What you can do:

·     Stay active. Weight-bearing exercises, including brisk walking, helps strengthen and build bone.

·     Get plenty of calcium. Milk, yogurt and other dairy products are rich in calcium, which is crucial for strong bones. Non-dairy calcium sources include leafy green vegetables and canned sardines with bones. Also ask your doctor if a calcium supplement is right for you.

·     Get more vitamin D. Your body needs vitamin D to absorb calcium and build healthy bones.  Vitamin D food sources include fatty fish such as salmon, mackerel and tuna, egg yolks, cheese and fortified milk, juice and cereal products. Your body also makes vitamin D when you spend time in the sun. Finally, ask your doctor if a vitamin D supplement is right for you.

4. Your muscles need more attention, too.

Age, menopause, and rheumatoid arthritis, especially active rheumatoid arthritis, are associated with decreased muscle mass and worsening of muscle tone, explains Dr. Matteson. “Joint pain can be aggravated by poor muscle tone because of the loss of joint stability, he adds.

What you can do:

·     Get regular exercise. Exercise keeps your muscles strong and helps control weight. That’s important, since one pound of excess weight puts another four pounds of pressure on the joints.

·     Keep control of your RA. “While it is not possible to turn back the clock on aging and its effects, good control of rheumatoid arthritis is associated with better joint and overall function and decreased joint pain,” says Dr. Matteson.

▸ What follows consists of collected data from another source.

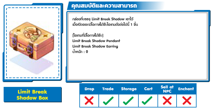 - เติมเงินสะสมครบ 10,000 บาท รับ Limit Break Shadow Box จำนวน 1ea (จำกัดสิทธิ์ 1 ครั้ง / 1 RO ID)
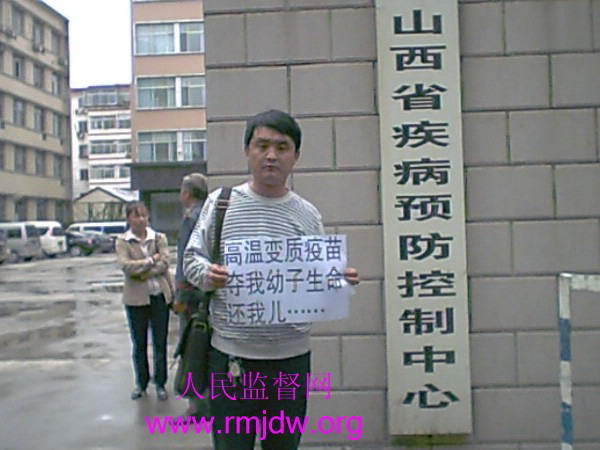 近来人们传说山西疫苗有问题,疫苗因高温曝光而变质,人们接种了会得病,我看了人民监督网上的文章,“山西厅级高官垄断黑心疫苗摧残祖国花朵”和“高温疫苗受害者高崇杰痛诉山西副厅级高官李树凯的恶行”找到了山西疫苗问题的举报人陈涛安。他说,乙肝疫苗收钱了就是二类疫苗,就是贴标签的疫苗,这些疫苗有高温曝露的问题,是质量异常疫苗,如接种变质疫苗孩子这么小哪里能受得了。致此我找到了孩子死亡的原因。就是接种了省疾病预防控制中心,在大楼楼道里给乙肝疫苗贴“山西疾控专用”标签的疫苗,这种疫苗常温长时间停放导致变质。
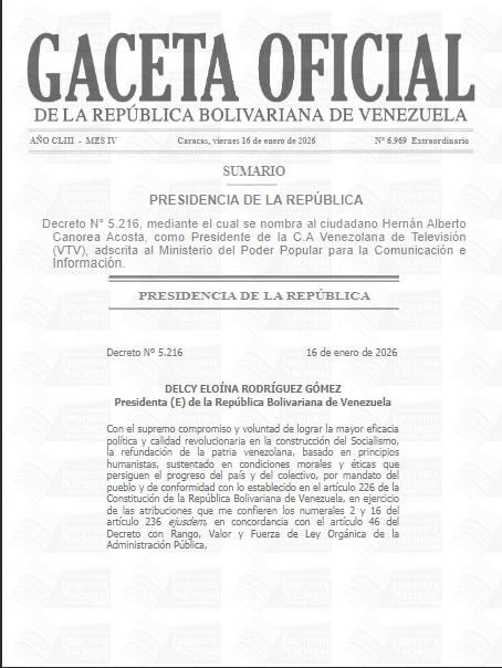 Delcy Rodríguez continúa ejecutando cambios en posiciones clave en la estructura chavista. Ahora, según el decreto N.º 5.216, publicado en la Gaceta Oficial N.º 6.969, el periodista Hernán Canorea ha sido designado como el nuevo presidente del canal complaciente del régimen Venezolana de Televisión (VTV).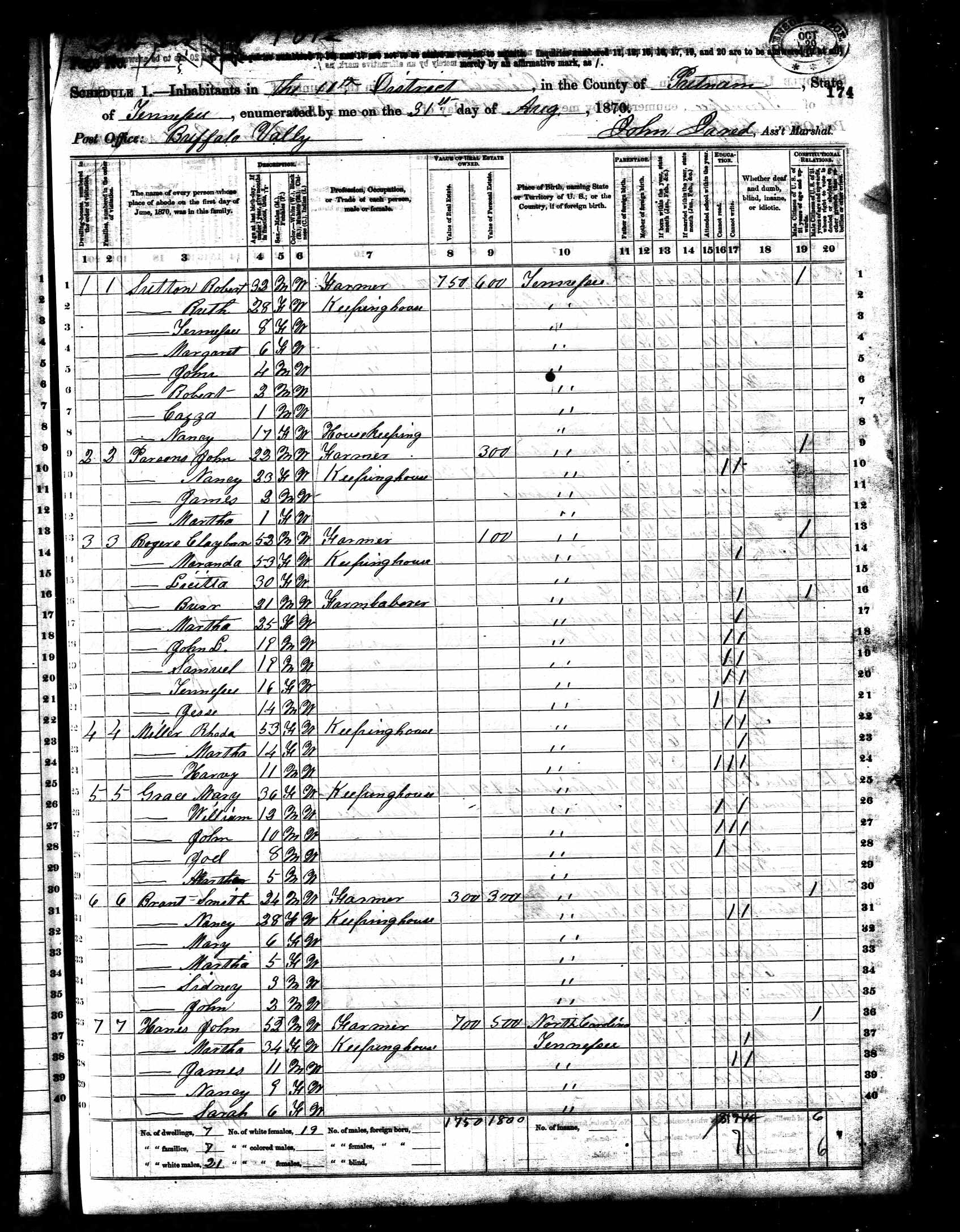 1710. “Ninth Census of the United States. Schedule No. 1.--Population,” Bureau of the Census, US Dept. of Commerce, United States of America, 1870, TN, Putnam, District 10, Buffalo Valley, August 31, 1870, John Jared, 174, 1.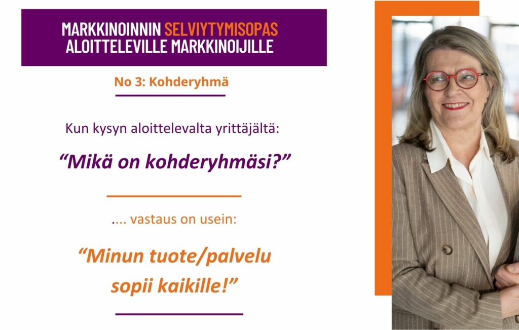 Kun aloittavilta yrittäjiltä kysyy kenelle he suunnittelevat myyvänsä palvelua tai tuotetta, vastaus on usein: ”Minun tuote/palvelu sopii kaikille”. Ja kun jatkamme keskustelua, niin selviää että…
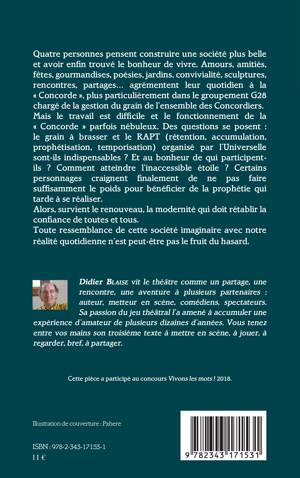 Quatre personnes pensent construire une société plus belle et avoir enfin trouvé le bonheur de vivre. Amours, amitiés, fêtes, gourmandises, poésies, jardins, convivialité, sculptures, rencontres, partages... agrémentent leur quotidien à la « Concorde », plus particulièrement dans le groupement G28 chargé de la gestion du grain de l'ensemble des Concordiers. Mais le travail est difficile et le fonctionnement de la « Concorde » parfois nébuleux. Alors, survient le renouveau et la modernité qui doit rétablir la confiance de toutes et tous. Toute ressemblance de cette société imaginaire avec notre réalité quotidienne n'est peut-être pas le fruit du hasard.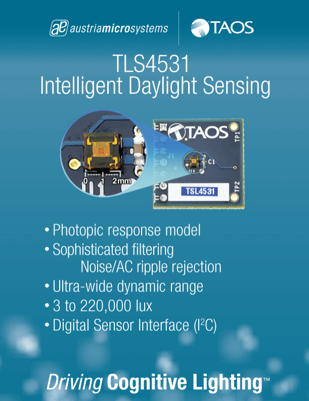 新的傳感器系列由2011年被奧地利微電子收購的全球領(lǐng)先智能照明傳感器提供商TAOS所研發(fā),可提供從3勒克斯至220,000勒克斯的動態(tài)范圍,可防止直射陽光下的傳感器輸出飽和,并通過運用適光反應(yīng)模型使傳感器的輸出與人眼的感知一致。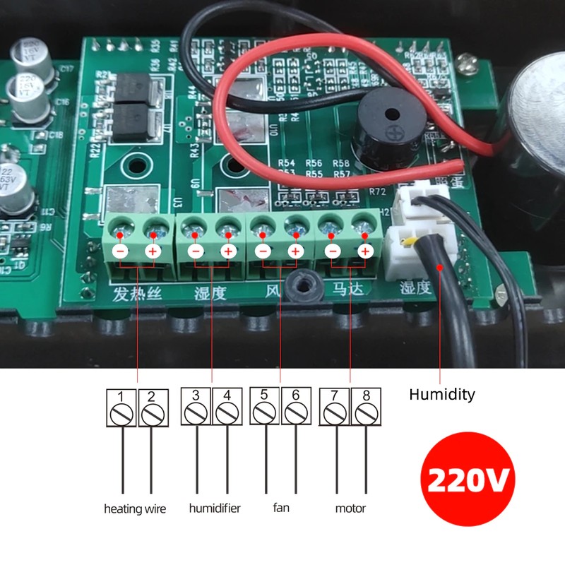 Нормальный рабочий диапазон влажности (50%-70%), ниже 40%, выше 75%, сигнализация, влажность рабочей среды не превышает 70%, высокая и низкая влажность за короткое время не повлияет на вылупление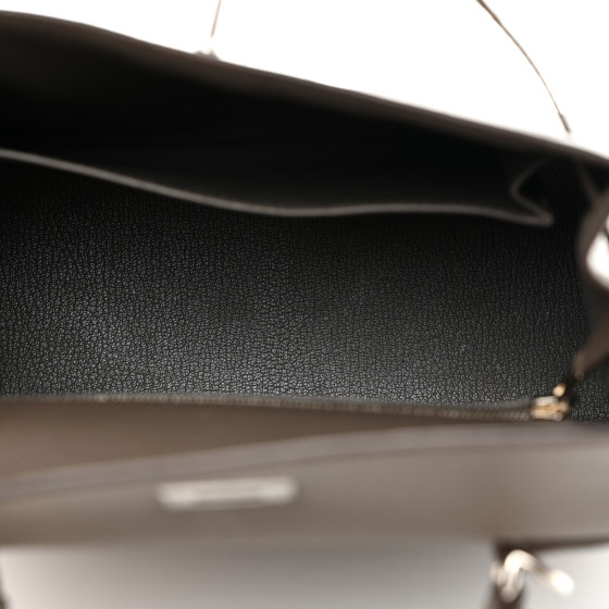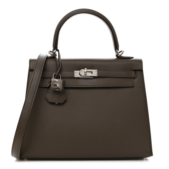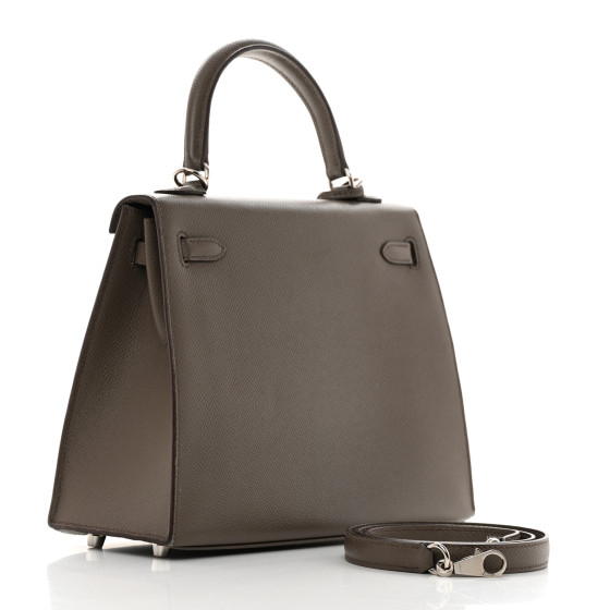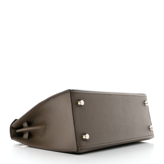 This is the authentic HERMES Epsom Kelly Sellier 25 in Etain. This classic Kelly handbag tote is crafted of luxuriously textured calfskin leather in gray. The bag features a sturdy rolled leather top handle, an optional shoulder strap, and a crossover flap and strap closure with silver palladium plated hardware including a padlock with a clochette for the keys. This opens to a matching leather interior with zippered and flat pockets.

5. Your sex life may need some adjustment.

Menopause-related hormone changes cause vaginal dryness, which can make sex uncomfortable or even painful for some women. Swollen, stiff or painful joints from RA might it even more challenging.   

Medications used to treat RA and comorbid conditions, such as depression, can also zap your sex drive or make it difficult to achieve orgasm.

What you can do:

There are ways to maintain a satisfying sex life. Some suggestions:

·     Use a water-based lubricant like Replens or Liquid Silk to ease vaginal dryness.

·     Ask your doctor about low-dose vaginal estrogen therapy. Prescription vaginal tablets, creams or rings can help relieve dryness and discomfort. Only a little bit of estrogen is absorbed into the bloodstream.

·     Use a pillow to cushion aching joints during sex.  Some online retailers sell special pillows that may create more comfortable sexual positions.

·     Ask your doctor if your medications could affect your libido or cause dryness.

·     Talk to your partner about your concerns. Sometimes a slower approach to intercourse may be helpful.

6. Sleep woes become more common.

Hot flashes, night sweats and insomnia related to menopause can make it tough to get a good night sleep. And too little sleep can exacerbate the pain and fatigue of RA. “Many women in menopause…don’t sleep as well or soundly, so menopause can add to the fatigue already associated with RA,” says Bykerk.

What you can do:

Good control of RA-related inflammation is always important and can help you beat fatigue. “Control of inflammation often improves energy,” says Bykerk.

And, try these tips to help improve your sleep hygiene: 

·     Do not eat a heavy meal before bed.

·     Do not drink caffeinated beverages or alcohol before bed.

·     Do not watch TV in the bedroom.

·     Keep your bedroom comfortably cool, quiet and dark.